■ RECORDED INFORMATION:
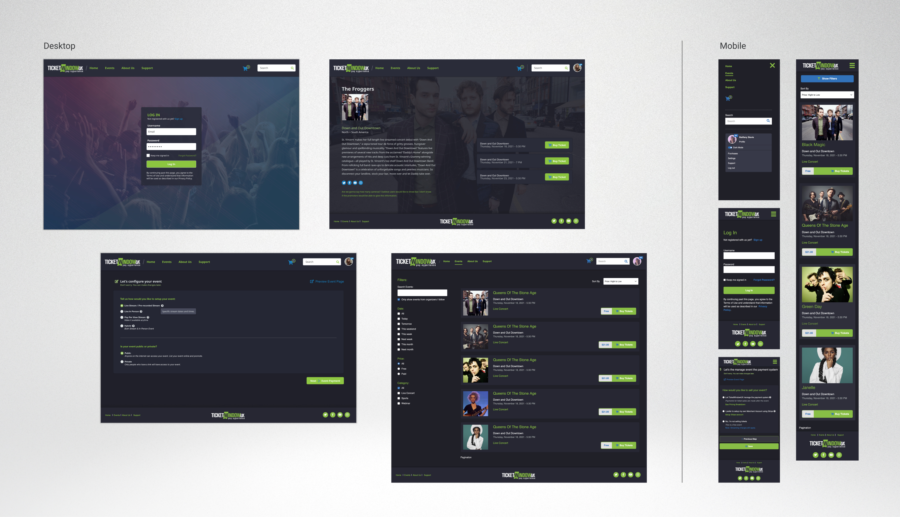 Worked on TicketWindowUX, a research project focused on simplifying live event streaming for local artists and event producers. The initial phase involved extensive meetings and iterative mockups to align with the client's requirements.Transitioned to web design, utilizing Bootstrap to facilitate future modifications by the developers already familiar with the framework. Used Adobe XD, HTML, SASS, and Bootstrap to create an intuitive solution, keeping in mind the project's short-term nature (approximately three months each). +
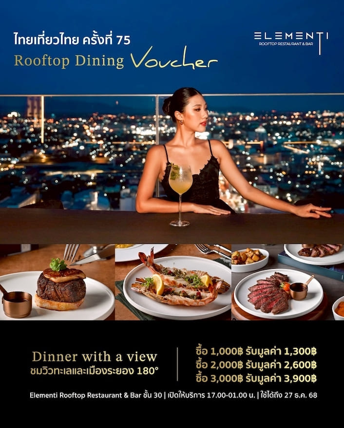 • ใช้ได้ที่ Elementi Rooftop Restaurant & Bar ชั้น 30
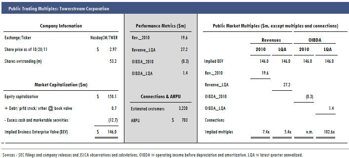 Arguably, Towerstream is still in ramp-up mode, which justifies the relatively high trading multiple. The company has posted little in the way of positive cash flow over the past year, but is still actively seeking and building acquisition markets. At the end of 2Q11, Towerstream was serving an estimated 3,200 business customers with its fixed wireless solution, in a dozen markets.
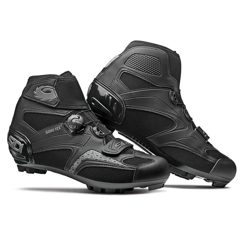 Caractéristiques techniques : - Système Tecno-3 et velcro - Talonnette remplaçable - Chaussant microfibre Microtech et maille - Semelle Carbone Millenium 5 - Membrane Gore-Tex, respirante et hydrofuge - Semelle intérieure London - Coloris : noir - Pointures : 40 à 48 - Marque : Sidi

■ DIRECTIONS FOR THIS TASK:
Leaving each picture behind, please give again exactly the lines above from the one with "Restaurant & Bar ชั้น 30" through the one with "Arguably, Towerstream is", both included, and no others.

■ ANSWER:
 • ใช้ได้ที่ Elementi Rooftop Restaurant & Bar ชั้น 30
 Arguably, Towerstream is still in ramp-up mode, which justifies the relatively high trading multiple. The company has posted little in the way of positive cash flow over the past year, but is still actively seeking and building acquisition markets. At the end of 2Q11, Towerstream was serving an estimated 3,200 business customers with its fixed wireless solution, in a dozen markets.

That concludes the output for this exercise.